The potential exists for a power shift following this year’s elections. If it does, this legislation will be attacked by the new Congress and special interests that will place many obstructions in the way of its implementation. I foresee several different Congressional hearings held to explain the impact this bill will have on the overall national economy and individuals — this time focusing on the real costs.

Also, I see forthcoming discussions that will include real data to demonstrate the impact the legislation will have on jobs, the rising national deficit, and new taxes and fees that will be needed to fund the legislation. Not to mention the growing resistance from the states that will persist with their legal challenges and continue to resist aspects of the federal mandates. The states are having significant trouble trying to balance their budgets and the lack of federal funding supporting this new legislation places many states’ fiscal status at further risk. The recent Florida lawsuit that was filed and joined by 20 state attorneys general, challenges if the Constitution empowers Congress with the ability to require individuals to own health insurance and fine them if they do not purchase it. Does the constitution allow Congress to impair individual liberty to this extent? It is unlikely the Supreme Court will go against Congress and limit these powers, but if it rules against this aspect of the health care reform as written, the new program will fail. Obama Care is intrinsically dependent that the risk pool and costs will be distributed over the entire population.

Paying for it

I believe we will see an increasing nationwide backlash as the public begins to fully understand the far-reaching changes that will be in place by 2014. As more data are released, the public will come to understand the extent they will be funding this new entitlement program — including the increasing funds that will be necessary for the long-term viability of Medicare — and may cause them to demand change. As more truths will be uncovered about the overall effects of the legislation on the national debt, there may be legislation introduced to attempt to limit its funding. An example could be related to the expenditures necessary for the estimated 16,500 new government agents needed to police and oversee the universal mandatory health insurance requirements, if it survives court challenges. A less-friendly Congress can challenge the long-term fiscal liability and ability to fund this program as well as delay aspects of the new tax and fee increases required in the new legislation.
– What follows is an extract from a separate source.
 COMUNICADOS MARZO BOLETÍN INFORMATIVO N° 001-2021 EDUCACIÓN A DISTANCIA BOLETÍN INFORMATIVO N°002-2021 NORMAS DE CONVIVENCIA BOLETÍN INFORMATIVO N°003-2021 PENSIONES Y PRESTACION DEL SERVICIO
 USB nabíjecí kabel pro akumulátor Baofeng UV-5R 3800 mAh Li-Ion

The new Congress will need to oversee the many new regulations and departments that will enforce and interpret this legislation. This includes oversight and regulation of the insurance companies and what they can charge for direct medical benefits. This is already controversial and many lobbyists and special interest groups will bring much to bear in these deliberations. In addition, Donald Berwick, MD, head of the powerful Centers for Medicare & Medicaid Services may be called to testify before Congress and explain his regulatory agenda and the health care programs. He escaped explaining his approach as the White House chose to avoid a Senate confirmation by using a controversial recess appointment (see September page 3, ORTHOSuperSite.com search: 68086).
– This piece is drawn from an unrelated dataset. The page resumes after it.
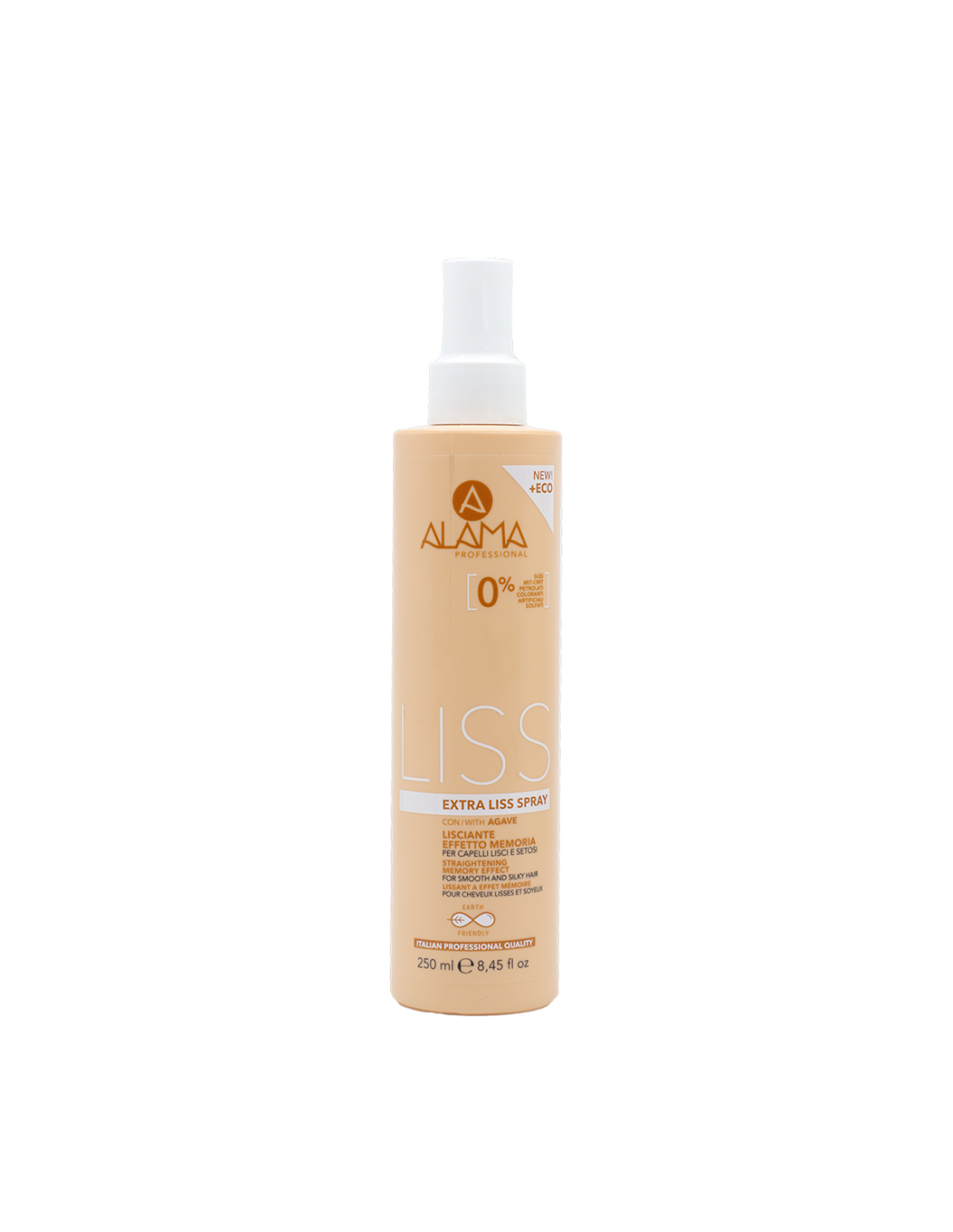 Alama Extra Liss Spray elimina l'effetto crespo con effetto progressivo nel tempo, protegge dal calore e facilita la gestione dello styling.

If Barack Obama’s vision for health care reform survives the changes brought by the 2010 elections, he still faces re-election in 2012. If he is not re-elected in 2012 the Congressional tactics discussed will not only challenge the legislation for revisions, but the whole program could be repealed.

Everyone agrees that health care reform in this country is necessary and something meaningful needs to be done. Whatever the eventual program entails is must have real cost controls and should not sacrifice quality. The question the next two election cycles will address is: can the current health care expansion legislation be fixed and improved in our current political system or will it take starting over?